Nancy reflected, then said quietly:

‘Whether you are right or wrong, I don’t think you would have got any good from her. But will you tell me what you are going to do? I told you that I thought borrowing money only to live on it in idleness was very foolish.’

Her brother stiffened his neck.

‘You must allow me to judge for myself.’

‘But have you judged for yourself? Wasn’t it by Mrs. Damerel’s advice that you gave up business?’

‘Partly. But I should have done it in any case.’

‘Have you any plans?’

‘No, I haven’t,’ he answered. ‘You can’t expect a man to have plans whose life has been thoroughly upset.’
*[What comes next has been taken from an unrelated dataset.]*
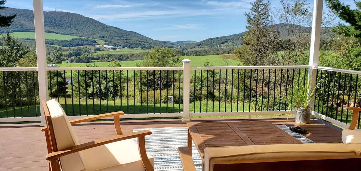 En stor udflugt venter dig på 12 hektar privat jord. Hvis du foretrækker en afslappende ferie, eller hvis du ønsker at deltage i lokale aktiviteter (vandreture, cykling, svømning, skiløb, snesko, slæde), er dette dit sted. Nyd 360 graders udsigt over Catskill Mountains fra næsten hvor som helst på ejendommen. Nip til din morgenkaffe, mens du ser solopgangen på den store terrasse. Leg i den store private gårdhave. Klare aftener er de bedste til solnedgange, bålplads og stjernekiggeri.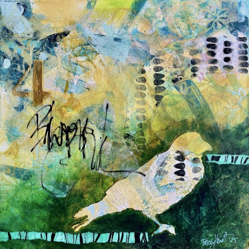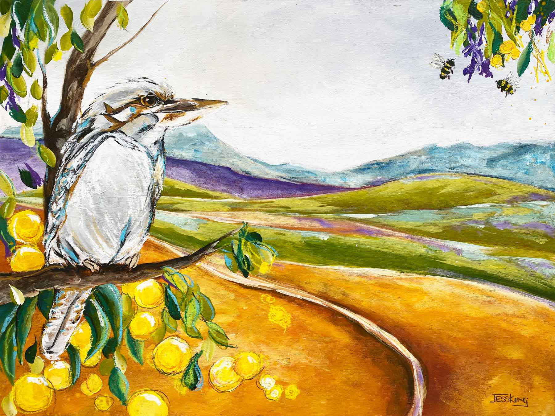 Kookaburra Bee Keeper by Jess King – Original mixed media artwork by Jess king on board of a kookaburra sitting on a branch with beautiful rolling hills. Signed on the front. Hooks and wire across the back.

Nancy, reminded of his youthfulness by the tone in which he called himself a ‘man,’ experienced a revival of natural feeling. Though revolting against the suggestion that a woman akin to them had been guilty of what her brother believed, she was glad to think that Fanny French had relinquished all legitimate claim upon him, and that his connection with ‘smart’ society had come to an end. Obvious enough were the perils of his situation, and she, as elder sister, recognised a duty towards him; she softened her voice, and endeavoured to re-establish the confidence of old time. Impossible at once, though with resolution she might ultimately succeed. Horace, at present, was a mere compound of agitated and inflamed senses. The life he had been leading appeared in a vicious development of his previously harmless conceit and egoism. All his characteristics had turned out, as it were, the seamy side; and Nancy with difficulty preserved her patience as he showed point after point of perverted disposition. The result of their talk was a careless promise from Horace that he would come to Grove Lane not seldomer than once a week.

He stayed only an hour, resisting Nancy’s endeavour to detain him at least for the mid-day meal. To Mary he spoke formally, awkwardly, as though unable to accept her position in the house, and then made his escape like one driven by an evil spirit.